_TASK OBJECTIVE_
Beneath this task are the entries; from the line with "- Creation of" through the last one, transcribe every line exactly and nothing else, skipping pictures.

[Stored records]
--------------------------------------------------

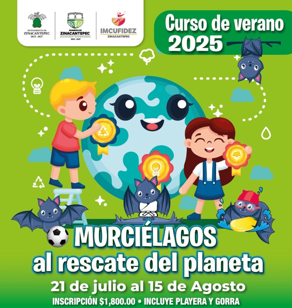 Zinacantepec, Estado de México, junio de 2025. – Con el propósito de promover estilos de vida saludables, el desarrollo físico y emocional, así como la sana convivencia entre niñas y niños del municipio, el Instituto Municipal de Cultura Física y Deporte de Zinacantepec (IMCUFIDEZ) llevará a cabo su curso de verano 2025, bajo el lema “Murciélagos al rescate del planeta”.
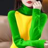Secțiune subțire de primăvară și toamnă, de modă, cu fundul complet, guler înalt, culoare contrastantă, ocazional, pulover, îmbrăcăminte de stradă, pulovere pentru femei, top de tricotat
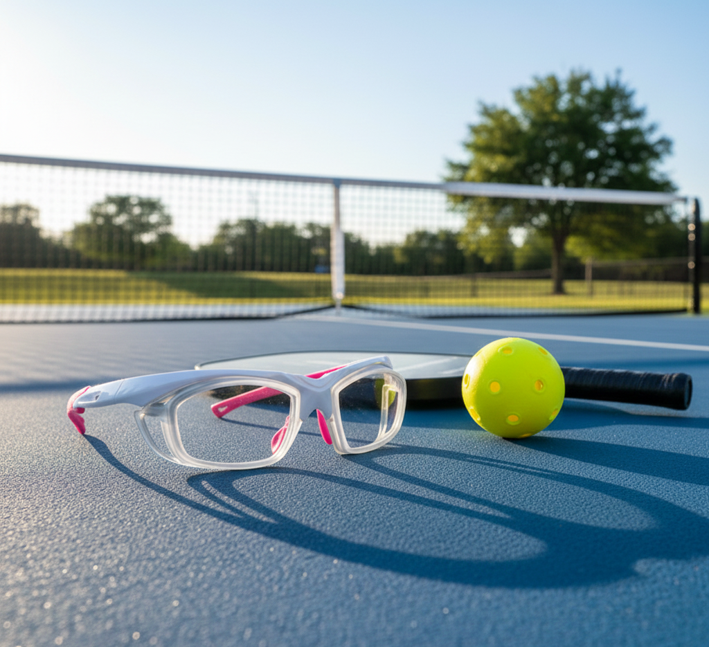 J140P 黃瓜球運動眼鏡專為高速節奏的匹克球運動(又稱泡菜球、黃瓜球)設計,兼具耐用性、清晰度與舒適度。堅固的防撞鏡框與聚碳酸酯透明鏡片,提供可靠保護並保持清晰視覺。具備 UV400 阻隔功能,可有效防護有害光線;鏡片可輕鬆拆卸,方便清洗或更換。TR90 延伸型鏡框可安裝度數鏡片,對需要矯正視力的玩家相當便利。彈性鏡腳結合橡膠尾端與可調式鼻墊,帶來穩定且舒適的配戴感受。通過 ASTM F3164 認證,非常適合室內或夜間比賽使用,兼顧安全與表現。
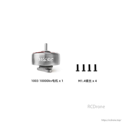 HGLRC Specter 1003 Motor: 10000KV, 11.5A, 85W max power, 2-inch propeller, N52H magnets, Kawasaki1200 stator, 7075 rotor, NMB bearing, 3.35g weight, M1.5x3.8mm output shaft, 1-2S voltage.
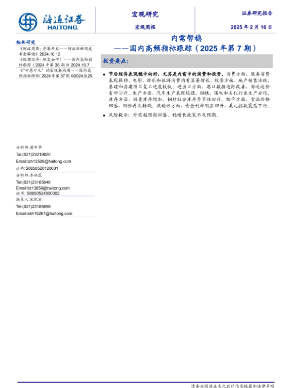 【海通证券】【20250216】国内高频指标跟踪(2025年第7期):内需暂稳-11页
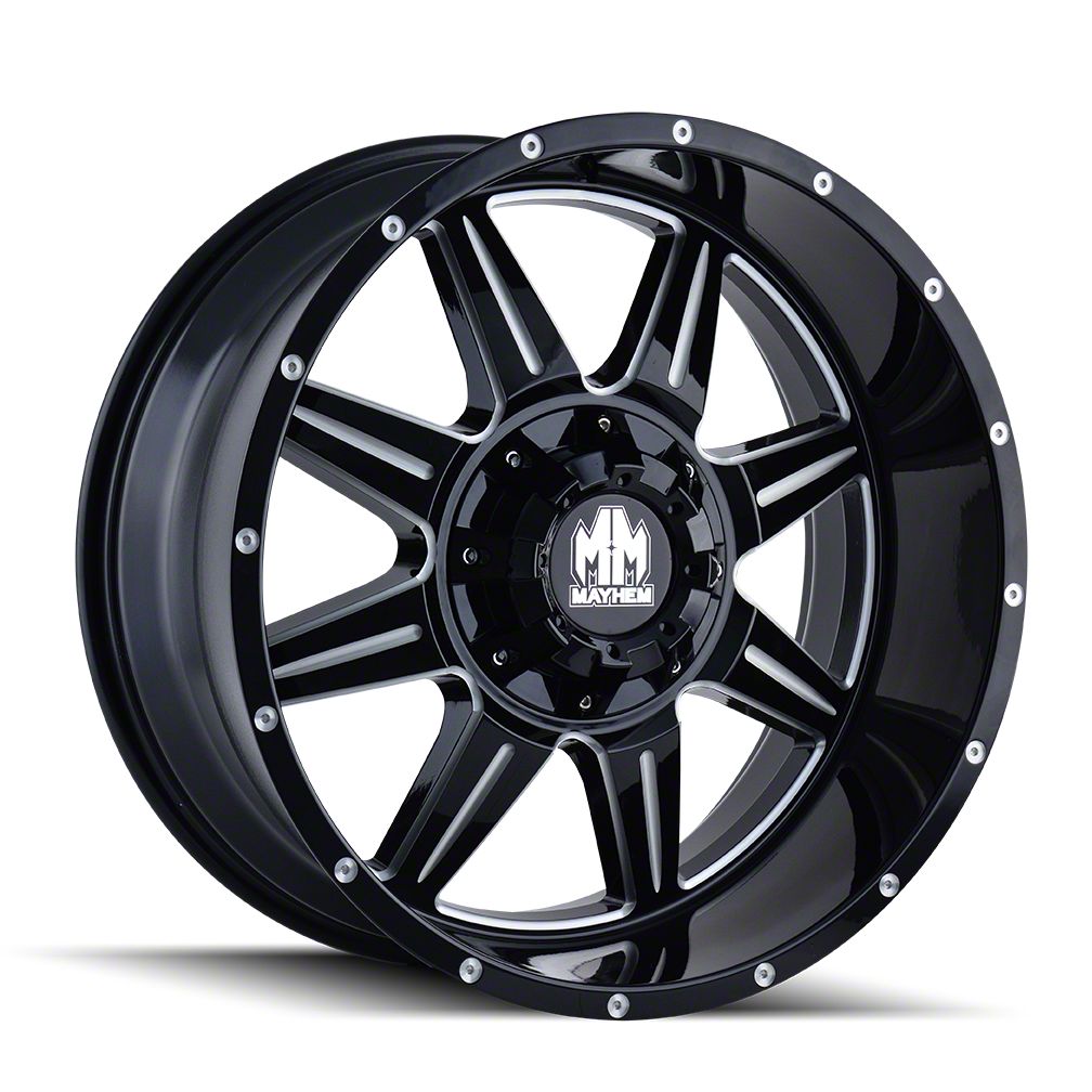 AmericanTrucks no longer carries the Mayhem Wheels Monstir Gloss Black Milled 6-Lug Wheel; 17x9; -12mm Offset (19-26 Silverado 1500). Please check out 1999-2006 Chevy Silverado Wheels & Tires for an updated selection.
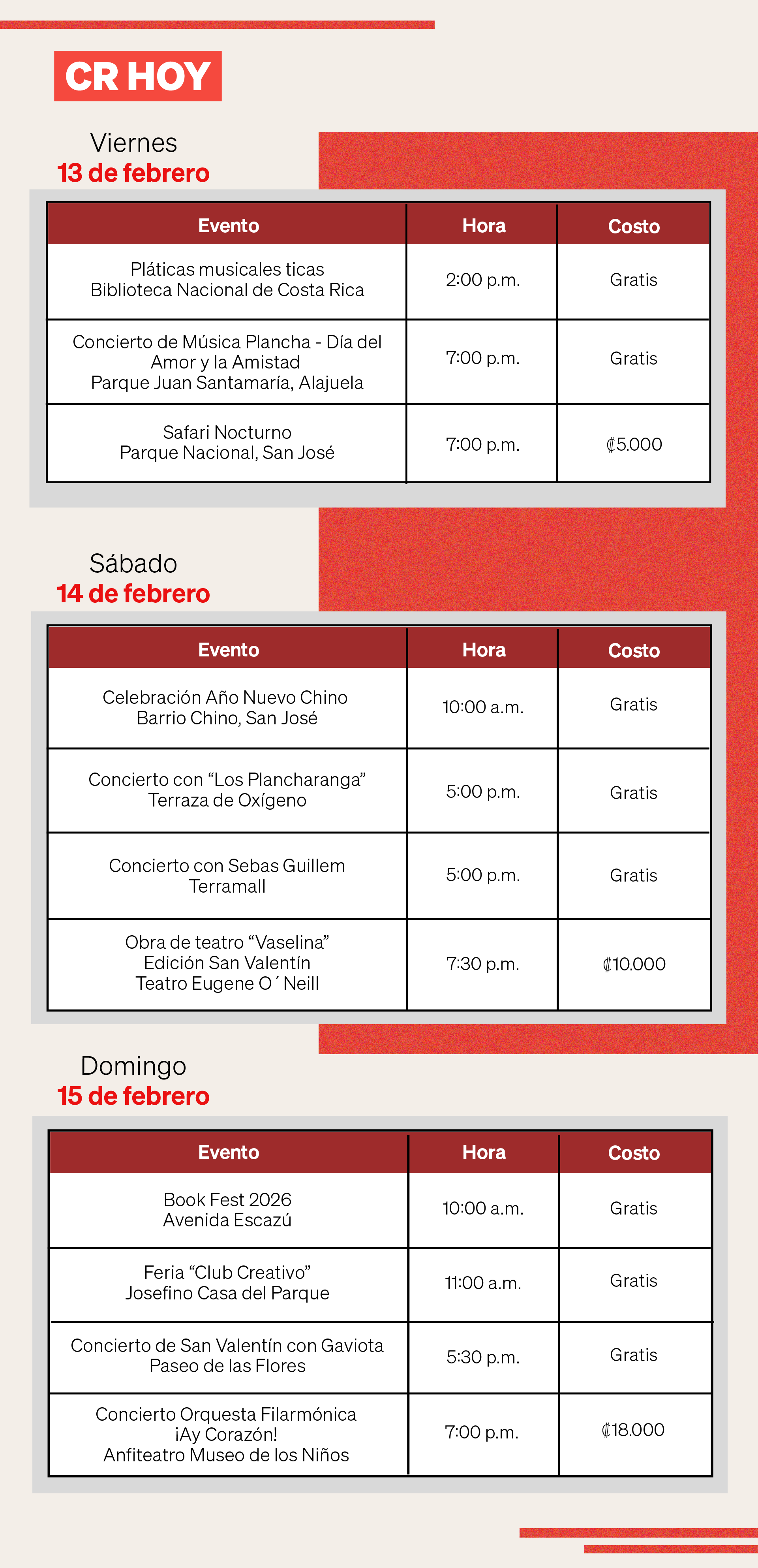Como cada semana, en CR Hoy planeamos una agenda cultural especial y, en esta ocasión, con aún más amor. Por eso, desde el viernes arrancamos con actividades para que el fin de semana comience a tomar ritmo.
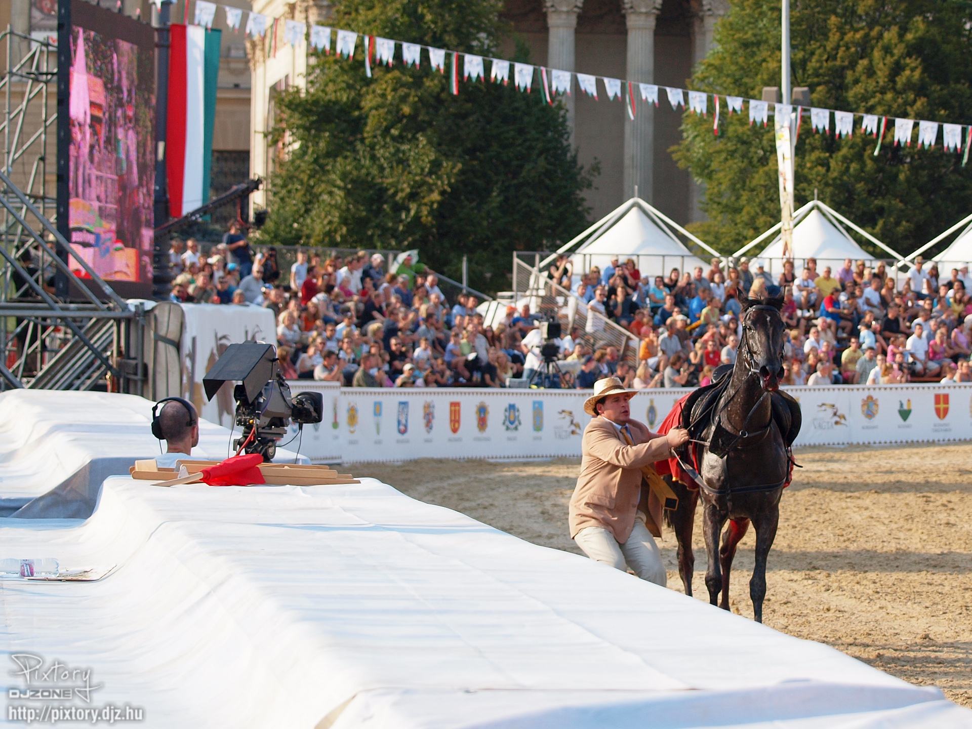 A tisztelet kör közben sikerült megfogni ismét az elszabadult telivért, ekkor már teljesen véres volt a bal oldala. A műsorvezetők nyugtattak minket, hogy csak súlyosnak tűnik a sérülés, de az ország legjobb orvosai sietnek a ló segítségére, stb.
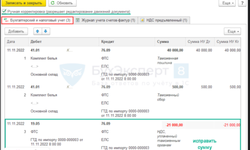 Добрый день, в примере изображения ГТД по импорту, указано исправить сумму, а на какую исправлять? У меня в проводках встает сумма остатка по ДТ, уменьшенная на корректировку с положительным знаком. И тогда в ОСВ по 19сч она зависает и не засчитывается
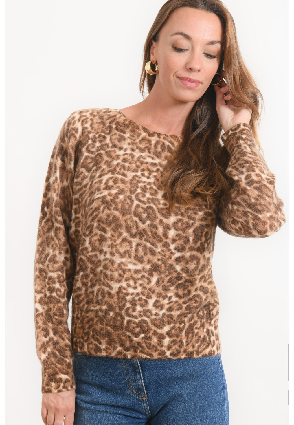 • Coloris camel, motif animalier façon léopard
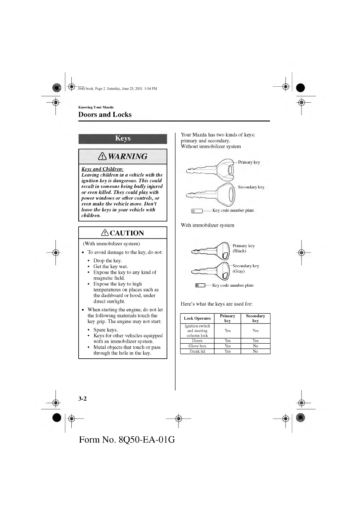 Your Mazda has two kinds of keys:
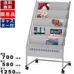 【法人送料無料】 【業務用】 マガジンスタンド 4段 傾斜型 キャスター付き パンフレットスタンド 本棚 雑誌置き 幅70cm 奥行48cm 高さ110cm シルバー UT-1362
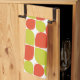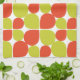This tiled abstract flower petal or teardrop pattern embellishing this kitchen towel is based on similar retro Mid Century Modern motifs of the 1950's, 1960's and even into the early 1970's. It is created in a contemporary colour scheme of citrus orange and green.
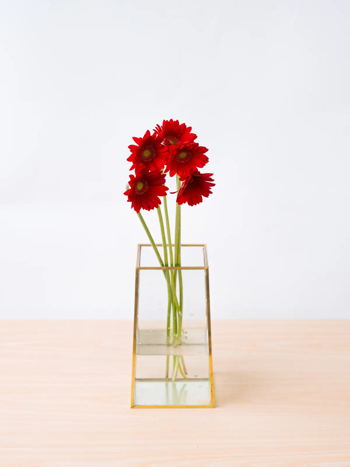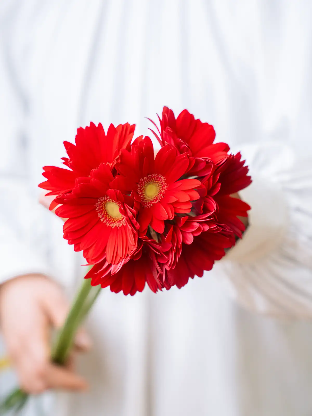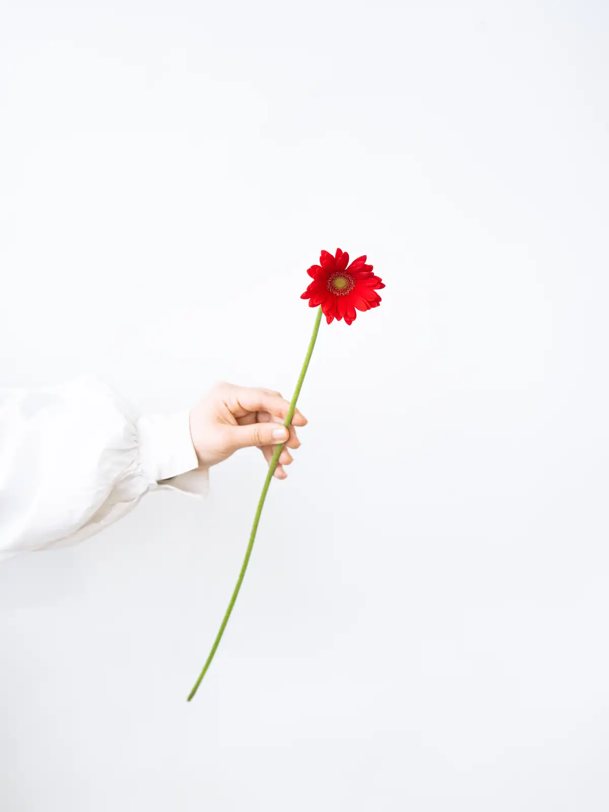 濃い赤色の花弁が印象的なガーベラ。中心部とのコントラストがはっきりしており、鮮やかな発色が特徴です。
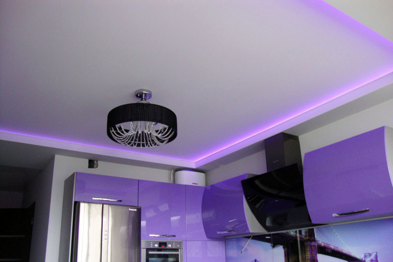 Если квартира представляет собой студию или объединены кухня и гостиная, то за счет двухуровневой конструкции, одна часть которой выполнена с использованием парящего профиля, отделить зоны проще всего.
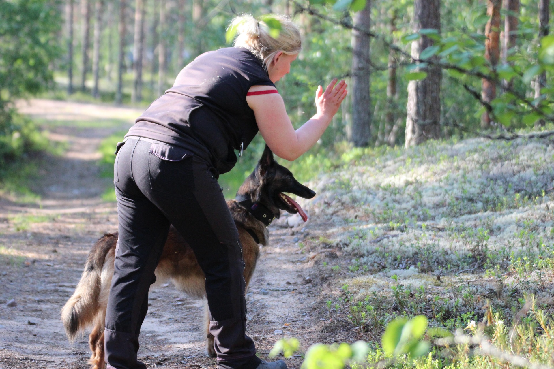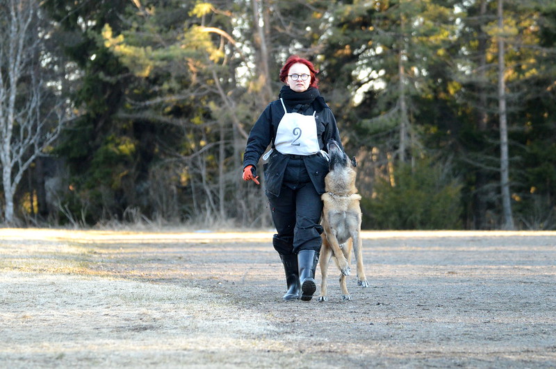 - Etsintä ja kuljetus; suoritetaan luokissa 2 ja 3. Maalimies piiloutuu johonkin kentällä ennakkoon sovitusta piilosta. Koiran tulee etsiä maalimies rajatun ajan sisään ja jäädä ilmaisemaan maalimies haukkuen. Tuomarin merkistä maalimies lähtee liikkeelle ja koiran tulee vartioida maalimiestä intensiivisesti. Kuljetuksen aikana maalimiesvoi ylittää esteitä ja muilla tavoin estää koiraa. Maalimies yrittää paeta koiralta kolmesti, jolloin koiran tulee välittömästi pysäyttää tämä purren. Maalimiehen jokaisesta saavuttamasta metristä menettää pisteitä.
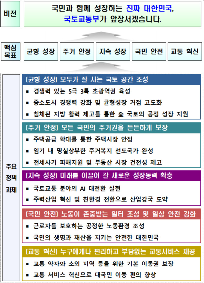 국토부가 설정한 5대 분야는 ▲지방 활성화(균형성장·지역경제) ▲경제 성장(미래산업·건설활력) ▲부동산 안정(주택공급·주거복지) ▲공정사회(안전혁신·약자보호) ▲국민 편익(서비스 개선·구조개혁)이다.
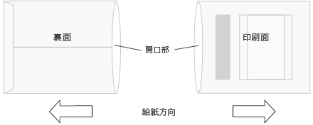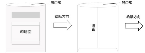 縦送りする場合、薬袋開口部を給紙方向とは反対に向けてセットします。
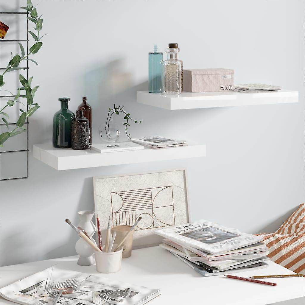 Schweberegale 2 Stk. Hochglanz-Weiß 50x23x3,8 cm MDF
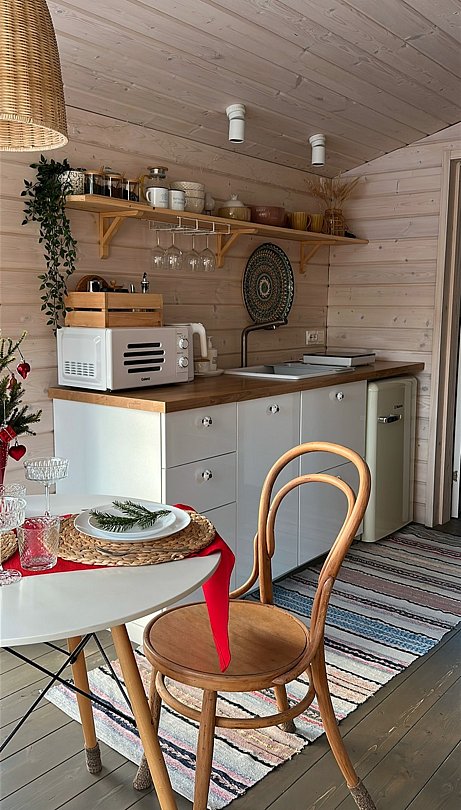 - оборудованная кухня: посуда, индукционная плитка, холодильник, чайник, СВЧ, посудомойка;
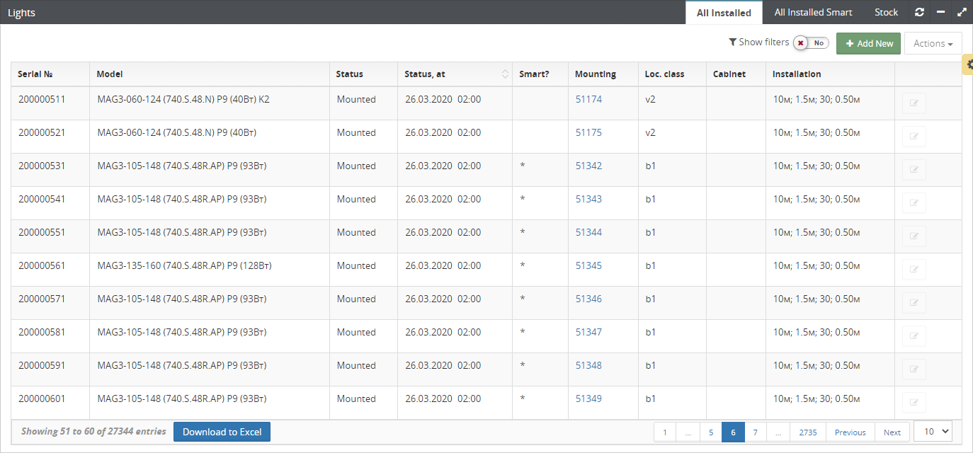 - Creation of a luminaire is performed by clicking on the + Add New button;
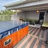 Im Obergeschoss befinden sich eine Treppe, die zu zwei zusätzlichen Zimmern, einem Flur, einem zweiten Badezimmer und einer großzügigen Dachterrasse mit Jacuzzi führt, die einen Panoramablick auf das Meer bietet. Die Wohnung verfügt außerdem über einen Dachboden, einen Parkplatz im Hof und einen eigenen Abstellraum. Diese Immobilie ist ideal für alle, die modernen Komfort in Meeresnähe suchen.
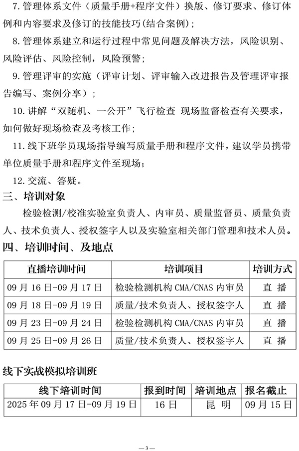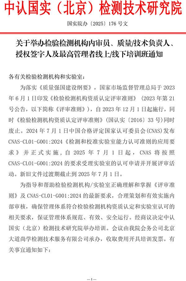 培训通知 您现在的位置:网站首页>培训通知>检验检测机构内审员、质量技术负责...

--------------------------------------------------

_RESULT_
 - Creation of a luminaire is performed by clicking on the + Add New button;
 Im Obergeschoss befinden sich eine Treppe, die zu zwei zusätzlichen Zimmern, einem Flur, einem zweiten Badezimmer und einer großzügigen Dachterrasse mit Jacuzzi führt, die einen Panoramablick auf das Meer bietet. Die Wohnung verfügt außerdem über einen Dachboden, einen Parkplatz im Hof und einen eigenen Abstellraum. Diese Immobilie ist ideal für alle, die modernen Komfort in Meeresnähe suchen.
 培训通知 您现在的位置:网站首页>培训通知>检验检测机构内审员、质量技术负责...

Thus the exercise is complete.